Yo también tengo fobias serias, un respeto, pero de lo que
tengo mucho es de ideas preconcebidas que me crean rechazo y eso no se puede
evitar o al menos eso creía yo. Concretando, yo siempre he odiado los romis de
los cuartos de baño. A muerte. Los odio básicamente porque son muy de los 70 y
a mí los 70 no me gustan mucho con tanto pantalón campana y tanto marrón y
beige, porque me parecen unos muebles muy pasados de moda, muy tipo Almodóvar y
que generan cierta tristeza con sólo mirarlos.
Gracias a Dios ya no es habitual verlos en España porque la
gente opta por estanterías vistas, muebles bajos o esos terribles muebles de
rejillas tipo verdureros, reconvertidos a neceseres ambulantes… aunque las
abuelas lo siguen usando, repletos de botes de perfume vacíos -¿puede haber
algo más triste?- y jabones olorosos de las bodas y algún bote de pastillas
para suicidarse de tristeza cada vez que uno abra el dichoso romi.

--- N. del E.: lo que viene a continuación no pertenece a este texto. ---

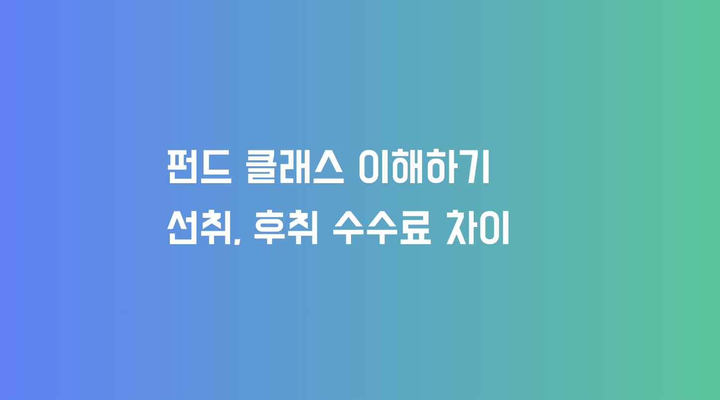 펀드 클래스 이해하기 (선취, 후취 수수료 차이)

Puede que parte de mi rechazo se deba también a las películas
de miedo, en las que el chaval se miraba al espejo –porque la puerta del romi
siempre es un espejo, a ser posible desconchado- y todo en orden, lo abría para
coger cualquier cosa y al cerrarlo ¡zas! la cara de muerto o del asesino o de
ambos estaban reflejadas en él. Danger.
Sea como fuere los odio. A muerte. Así que cuando decoré mi
casa coloqué estratégicas estanterías por el baño y un mueble bajo el lavabo
tipo sauna donde colocar todo lo colocable que las cremas son un submundo en sí
mismas…
La cuestión es que yo era feliz con mis estanterías y mi
mueble bajo hasta que me di a la maternidad y el pelirrojismo tuvo a bien ser
independiente, colarse en el baño y hacerse mascarillas faciales con mi crema
antecelulítica –ahora entiendo lo de su piel tan tersa- o nutrir el suelo con mi clinique regenerante o
lavarle la cabeza al Nenuco con el aceite de almendras dulces del Mercadona. Muy
mal todo. Raro es el día que la pasta de dientes no sufre un par de pisotones
con sus consecuentes vómitos de flúor blanqueante, que el tónico facial no
acaba nadando en la fregona o que los discos limpiadores atoran el wc… Y una,
desesperada, harta de dar voces y castigar al anticristo en la tierra, coloca cual
última pantalla del Tetris todos los botes importantes –y cuando digo
importantes quiero decir caros y/o rompibles- en la única balda a la que no
tiene acceso la pelirroja, quedando todo al borde del desprendimiento al mínimo
movimiento.
Así, cada vez que he de coger la bolsa de las pinturas,
lanzo el antiarrugas contra el bidé y la hidratante me perfora el pie todo
mientras la nena me mira desde abajo cual perrillo hambriento, lampona por ver qué
dejo caer esta vez y ver si puede atraparlo…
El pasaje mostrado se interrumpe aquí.